The time has come to question neo-liberal shibboleths around ‘small government’ and ‘the market’. An alternative is possible which delivers a better deal for the general public in our capacities as workers, citizens and consumers. But which has also learned from the mistakes of the old socialism which thought it could supersede ‘the market’ entirely.

Sunday, January 11, 2015

Andrew Bolt on ‘Charlie Hedbo’ and Free Speech: A Response

The arguments about free speech are often complex.  But freedoms and liberties must be defended
Tristan Ewins, Jan 11th, 2014

Andrew Bolt has fired another salvo against the Australian Left (Heald-Sun, Jan 10th 2015); this time accusing the Left – and what he ironically calls ‘the ruling classes’ of this country – of ‘giving in’ in the face of Terror.  He argues that the French satirical publication ‘Charlie Hedbo’ was “almost alone” and that this emboldened the killers.   He argues that ‘the Left’ is hypocritical in the sense of constantly satirising, attacking and mocking Christianity – while claiming Islamophobia in response to critiques of Islam.  For Bolt censorship and self-censorship mean ‘the Terrorists have won’.   Bolt also condemns the racial vilification laws which he claims led to the ‘banning’ of two of his articles.  Bolt complains of ‘mainstream’ journalists ‘celebrating’ this decision; though surely this is a bit ingenuous given his claim to be ‘Australia’s most read columnist’.      He also attacks Australia’s migration program in so far as it welcomes “mass immigration from the Third World”.  Finally he claims Islam’s claim to be ‘a religion of peace’ is false in light of Koranic scripture urging the deaths of those who mock the Prophet Muhammed.   

Where do we start in responding to Bolt?  

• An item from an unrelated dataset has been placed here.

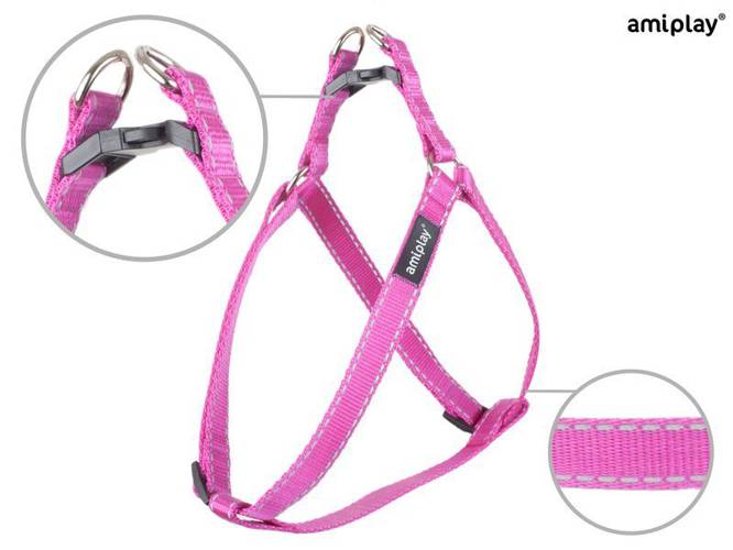 amiplay Reflective Szelki regulowane XL 50-95 x 2,5 cm różowe dla psa

On the matter of Left hypocrisy I personally sometimes cut a lone figure in requesting respect and sensitivity towards the Christian faith in the face of sometimes-hateful attacks.   The Christian emphasis on ‘turning the other cheek’ perhaps suggests a certain acceptance even in the face of criticism.  Rational (not hateful) criticism, indeed, is welcome – and has informed a shift in Christian thinking over recent decades to made an accommodation with liberalism.  Though in earlier centuries some church leaders were complicit in repression and Terror.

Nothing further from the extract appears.